***** DATA BELOW *****
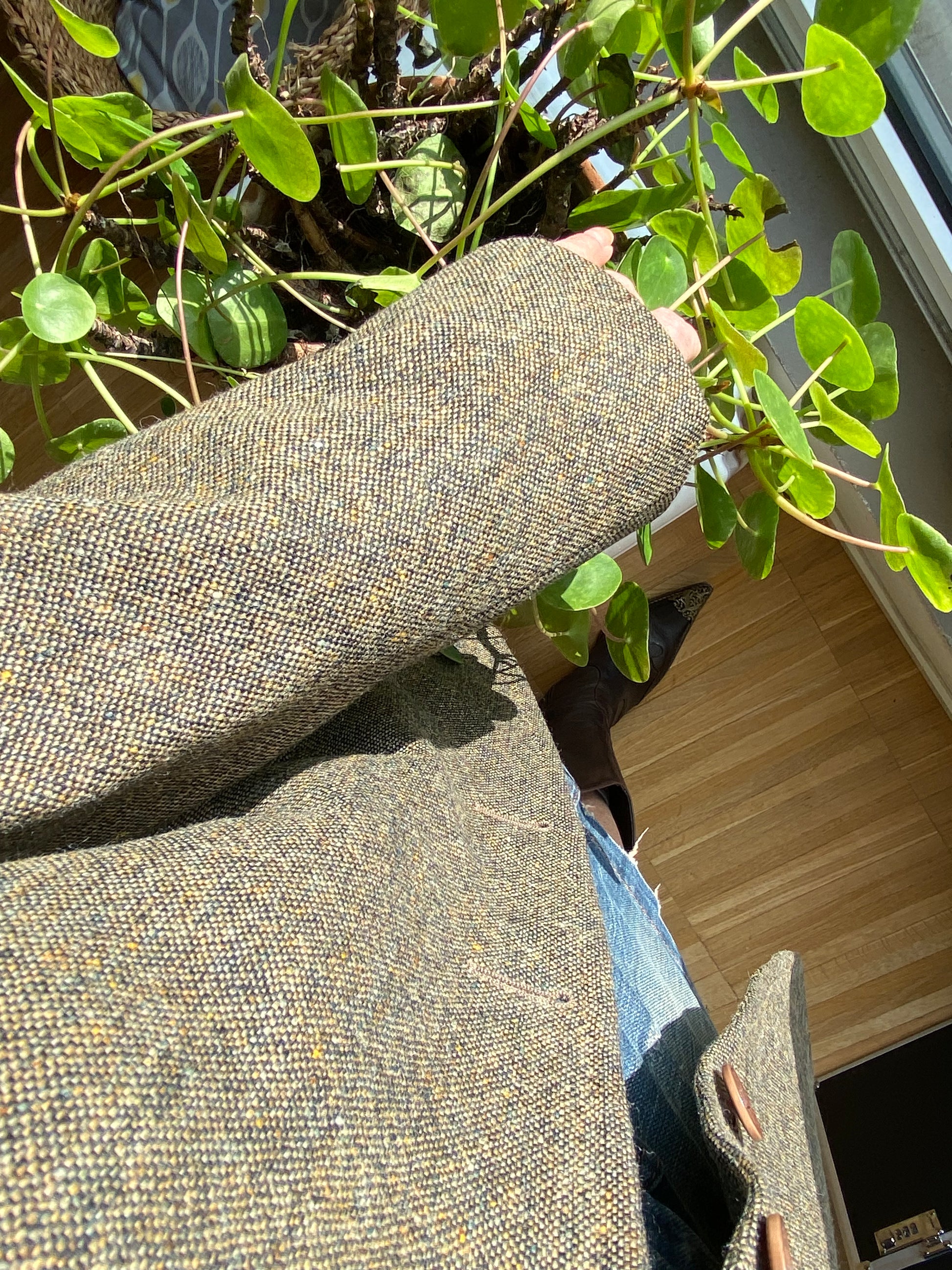 Toni del tortora, fantasia melange con tocchi color arancio, beige e verde scuro.
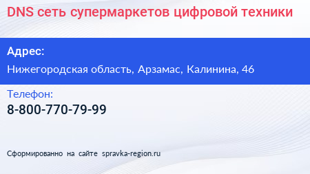 DNS, сеть супермаркетов цифровой техники по адресу Нижегородская область, Арзамас, Калинина, 46 в дальнейшем Организация, размещена в следующих категориях:
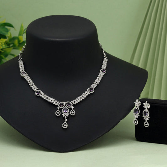 Purple Color American Diamond Necklace Set (CZN1023PRP)
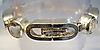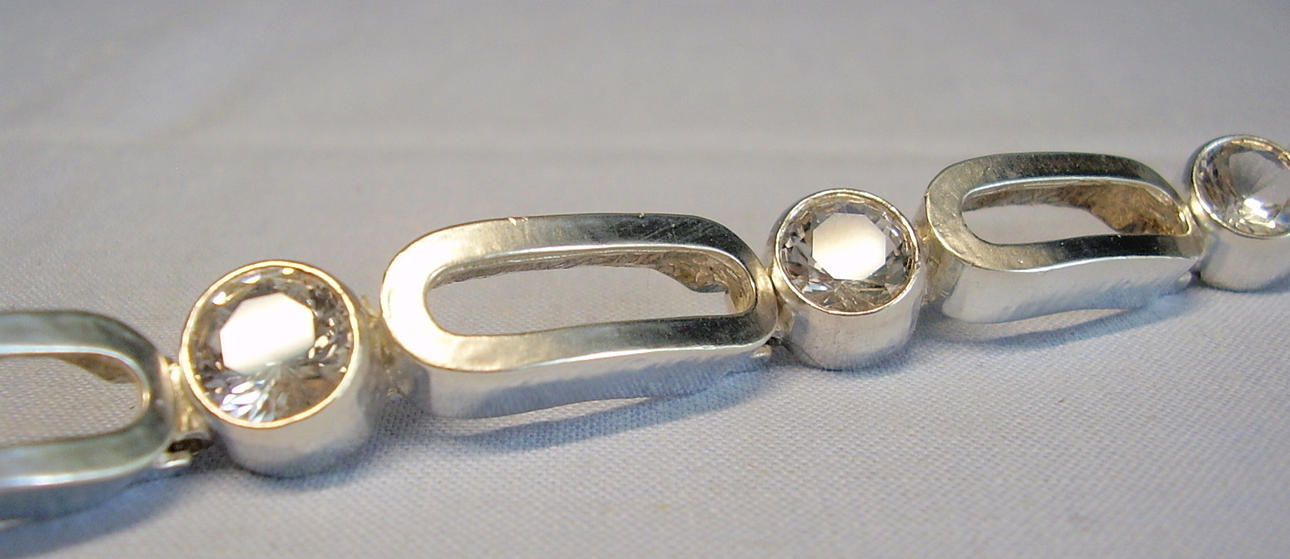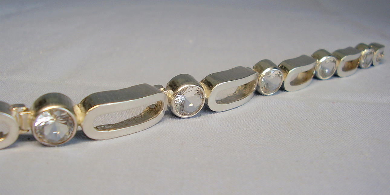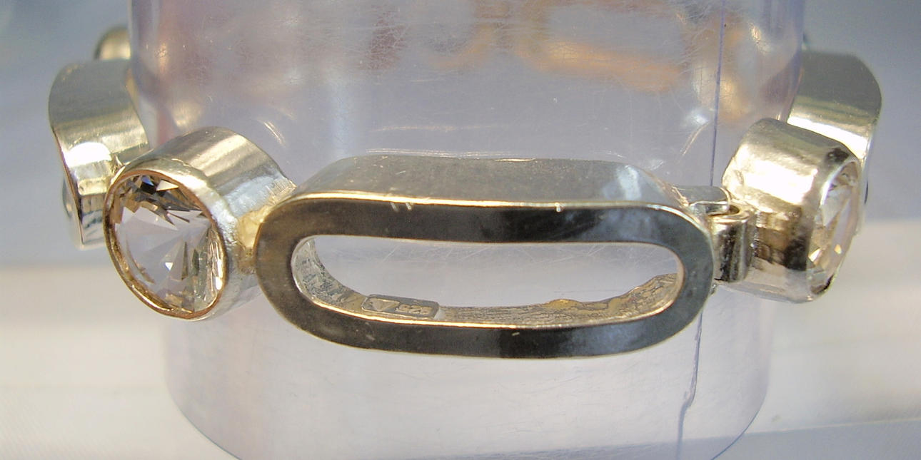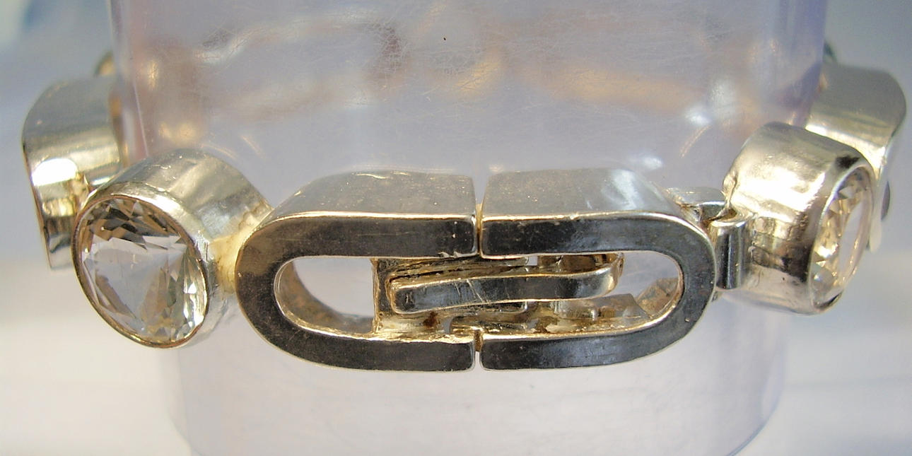 Está hecho de 5 eslabones ovalados forjados a mano, cada uno de los cuales lleva un cristal de roca redondo. Estos enlaces están conectados de forma móvil entre sí. El brazalete se cierra con un cierre de gancho integrado oculto con un mecanismo de cierre inusual.
*****
* TASK
Transcribe the listing above in full and exactly; no pictures belong in the copy.

* RESULT OF THIS TASK
 Toni del tortora, fantasia melange con tocchi color arancio, beige e verde scuro.
 DNS, сеть супермаркетов цифровой техники по адресу Нижегородская область, Арзамас, Калинина, 46 в дальнейшем Организация, размещена в следующих категориях:
 Purple Color American Diamond Necklace Set (CZN1023PRP)
 Está hecho de 5 eslabones ovalados forjados a mano, cada uno de los cuales lleva un cristal de roca redondo. Estos enlaces están conectados de forma móvil entre sí. El brazalete se cierra con un cierre de gancho integrado oculto con un mecanismo de cierre inusual.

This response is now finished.